Degraël apuntó cuidadosamente
en un carné la lista de los autores y la referencia de sus préstamos
literarios, y regresó a París, decidido en firme a proseguir desde el día
siguiente sus investigaciones en la Biblioteca Nacional. Pero los
acontecimientos no se lo permitieron. En París le esperaba su hoja de ruta
militar. Movilizado en Compiègne, se encontró, sin haber tenido en verdad
tiempo de comprender por qué, en San Juan de Luz, pasó a España y desde allí a
Inglaterra, de donde volvió a Francia al acabar 1945. Durante toda la guerra,
había llevado consigo su carné de notas y milagrosamente había logrado no
perderlo nunca. Sus investigaciones, como era lógico suponer, no habían
avanzado mucho, pero no obstante había hecho un descubrimiento para él capital:
en el British Museum había podido consultar el Catálogo general de la
librería francesa y la Bibliografía de Francia, y pudo
confirmar su formidable hipótesis: El viaje de invierno, de Vernier
(Hugo), había sido editado sin ninguna duda en 1864, en Valenciennes, por Hervé
Frères, Impresores-Libreros, y, sometido al depósito legal como todas la obras
publicadas en Francia, se ingresó en la Biblioteca Nacional, en donde le
atribuyeron la signatura Z-87912.
Nombrado profesor en Beauvais,
Vincent Degraël consagró desde entonces todos sus ratos libres a El
viaje de invierno.
Investigaciones exhaustivas en
los diarios íntimos y en las correspondencias epistolares de la mayoría de los
poetas de finales del siglo XIX, le persuadieron rápidamente de que Hugo
Vernier, en su tiempo, había conocido la celebridad que merecía:
anotaciones como "he recibido hoy una carta de Hugo", o
"he escrito una larga carta a Hugo", "leído a V.H. toda la
noche", o la célebre "Hugo, sólo Hugo" de Valentin Havercamp, no
se referían en absoluto a "Victor" Hugo, sino a ese poeta maldito
cuya obra breve había prendido, al parecer, en todos aquellos que la habían
tenido entre sus manos. Contradicciones clamorosas que ni la crítica ni la
historia literaria habían podido explicar nunca hallaban así su única solución
lógica, y por eso, evidentemente, pensando en Hugo Vernier y en lo que le
debían a su El viaje de invierno, Rimbaud había escrito "Yo es
otro" y Lautréamont "La poesía debe ser hecha por todos y no por
uno".
Pero cuanto más ponía de
relieve el lugar preponderante que Hugo Vernier debía ocupar por derecha
en la historia literaria de la Francia del último siglo, menos estaba en
condiciones de aportar pruebas tangibles: en realidad, no pudo nunca más volver
a tocar con sus manos ningún ejemplar de El viaje de invierno.
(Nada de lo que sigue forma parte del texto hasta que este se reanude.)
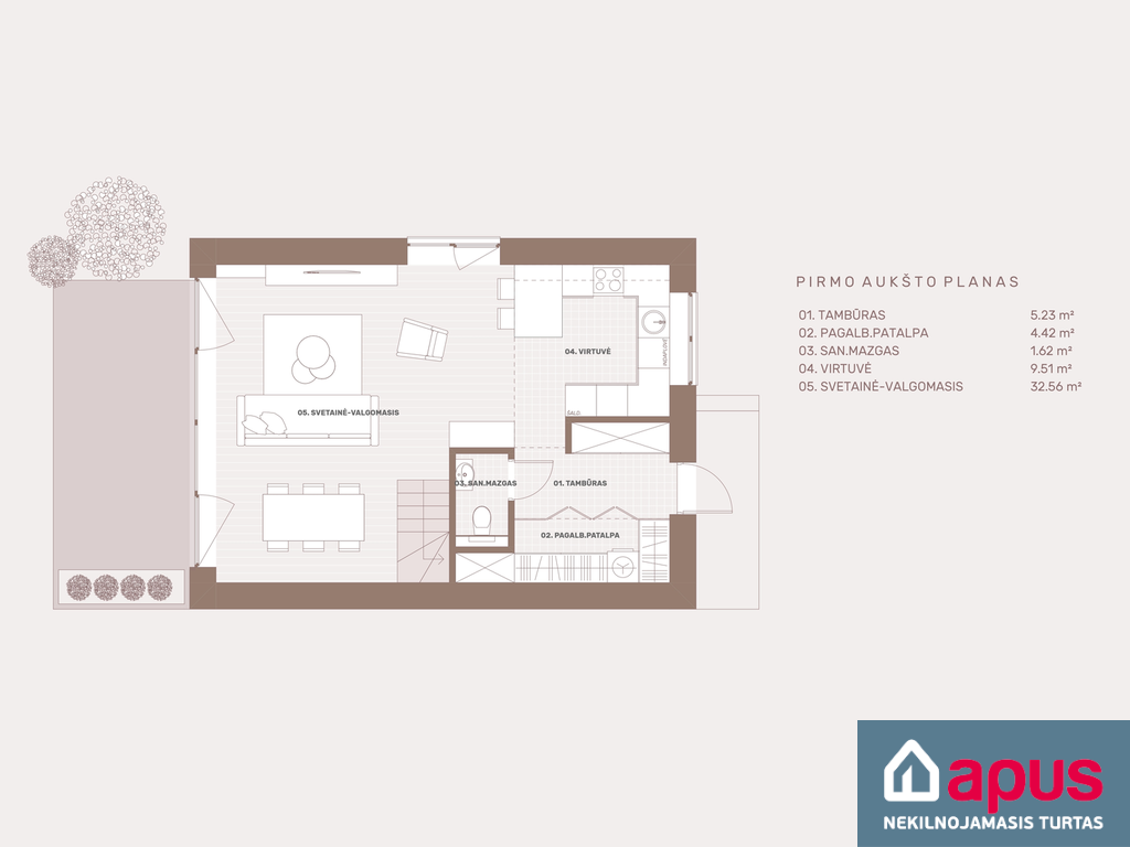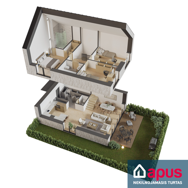 • Erdvi svetainė su virtuve pirmame aukšte ir 3 miegamieji antrame aukšte.

Aquel que había consultado fue destruido —al mismo tiempo que la villa entera—
cuando los bombardeos de Le Havre; el ejemplar depositado en la Biblioteca
Nacional no estaba en su puesto cuando él lo pidió y sólo al cabo de largas
gestiones consiguió saber que ese libro había sido enviado en 1926 a un
encuadernador que nunca lo había llegado a recibir. Todas las pesquisas que
mandó hacer a decenas y centenas de bibliotecarios, de archiveros y de libreros
se revelaron inútiles, y Degraël se convenció entonces de que los quinientos
ejemplares de la edición fueron destruidos adrede por aquellos mismos que se
inspiraron tan directamente en ellos.
Sobre la
vida de Hugo Vernier, Vincent Degraël no averiguó nada o casi nada. Por una
apostilla inesperada, descubierta en una oscura Biografía de hombres
notables del Norte de Francia y de Bélgica (Verviers, 1882) supo que
había nacido en Vimy (Pas-de-Calais) el 3 de septiembre de 1836. Pero las actas
de estado civil de la municipalidad de Vimy habían ardido en 1916, a la vez que
sus copias remitidas a la prefectura de Arras. Ninguna acta de defunción se
levantó jamás, por lo visto.
Durante cerca de treinta años,
Vincent Degraël se esforzó en vano por reunir pruebas de la existencia de ese
poeta y de su obra. Cuando él murió, en el hospital psiquiátrico de Verrières,
algunos de sus antiguos alumnos se propusieron clasificar el inmenso montón de
documentos y manuscritos que dejaba: entre ellos figuraba un grueso libro de
registro encuadernado en tela negra y en cuya etiqueta, cuidadosamente
caligrafiado, se leía: El viaje de invierno: las ocho primeras
páginas describían la historia de esas estériles investigaciones; las
trescientas noventa y dos restantes estaban en blanco.